Trikoupis kicked a plastic water bottle away in disgust. The bottle flew through the air and struck a uniformed policeman in the face. At which point the cop took Trikoupis by the arm and led him off the pitch. The Olympiacos fans went wild with anger, while those of Panathinaikos went wild with delight.
‘Is he arresting him, or what?’ I said.
‘I fucking hope so,’ admitted Simon. ‘I would love it — love it if that bastard spent the night in the cells.’
He and I tried to contain our glee but it wasn’t easy; while the Greeks came pouring out of their dugout to remonstrate with Mr Backward and the cop, Simon and I retired to our own dugout, occupied our mouths with chewing gum and water bottles and observed the proceedings from a safe distance. This was just as well as a red flare came sailing through the air and landed close to the corner flag in our half.
‘You can tell a lot about a country by the way they protest against the inevitable,’ mused Simon. ‘I mean, it’s obvious that referee isn’t going to change his mind about that one.
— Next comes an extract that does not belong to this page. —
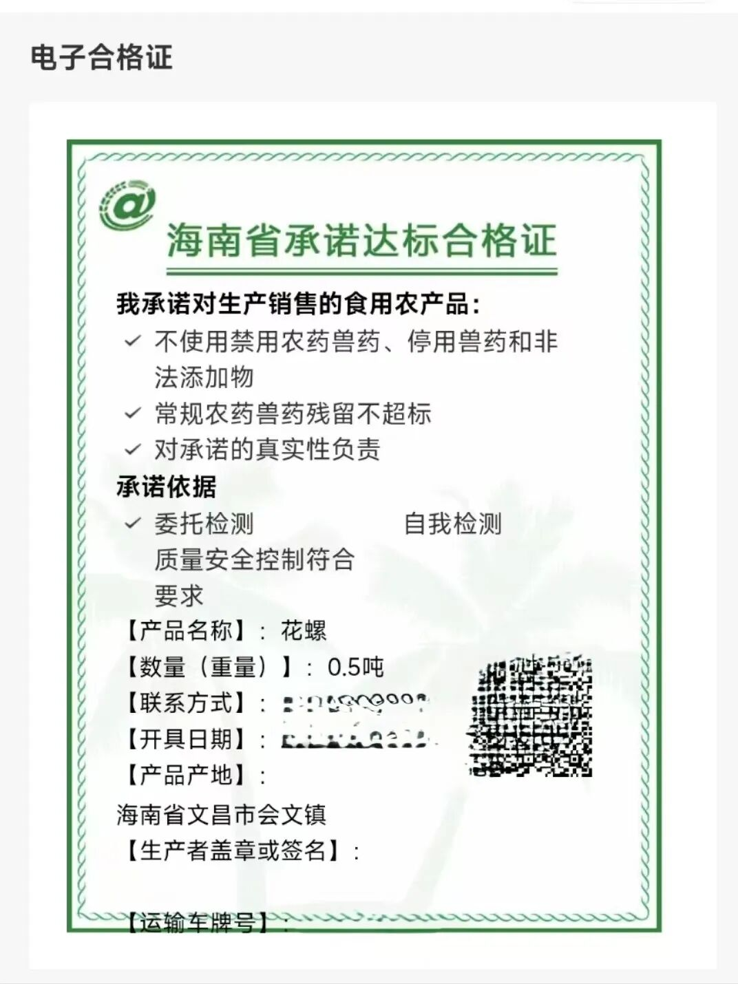(注:依据海南省关于食用农产品出岛管理的相关要求,作为建设高标准自贸港、保障“海南鲜品”品牌信誉的重要举措,所有出岛水产品均需附带承诺达标合格证或检测报告,以便实现源头可追溯、责任可倒查。)

But the bastards seem determined to argue it.’
‘You can tell why Zeus got so pissed off with these people and was so fond of throwing thunderbolts about the place,’ I said. ‘They’d try the patience of a pope.’
By now the referee was surrounded with Olympiacos coaching staff and players and it wasn’t long before the assistant manager, Sakis Theodoridou, had been sent to join Hristos Trikoupis in the stands.
‘That’s their half-time team talk well and truly fucked,’ said Simon. ‘I guess the physio will have to do it now. Or maybe that Mrs Boerescu who did the kiddies’ tea before the match. Christ, that’s a nice-looking woman. She can give me a bollocking any time she wants. Just as long as my bollocks are in the right place, which’d be resting comfortably on her chin.’
Another burning flare came sailing through the air as if somewhere a ship was in distress and, completely recovered from his severe fall, Mr Winter walked away from the mêlée that was still berating the referee, and kicked the flare off the pitch, where a security man attempted to put it out with an extinguisher.
‘This is beginning to look serious,’ I said. ‘Let’s just hope that twat Backward doesn’t abandon the match. Not with us two-up on the night.’
‘He wouldn’t do that, would he?’
‘He just might, you know. Last time a match between the Greens and the Reds was abandoned was as recently as March 2012 when the Greens set fire to the stadium.’
‘Fuck me,’ said Simon. ‘I know it’s important, football. And I know you want players who will fight when there’s nothing at stake, but that shouldn’t ever apply to the fucking fans.’
57
Somehow the match restarted and a couple of minutes later the Irish referee blew his whistle for half time, which managed to calm things down a little. Air conditioning and about a ton of Valium would have been more effective, probably. As we trooped down the tunnel I heard an enormous, deafening bang that someone told me was an exploding fire extinguisher; sometimes the Greek fans set them alight, I was told by someone, which seemed so fucking crazy and dangerous I almost considered pulling out of the game then and there. What kind of a country is it where they set fire to extinguishers? One way or another I was looking forward to going home to London, where — thank God — hooliganism of this order was a thing of the past and the biggest bang you’ll ever hear is when David Beckham shuts the door of his Rolls-Royce in anger.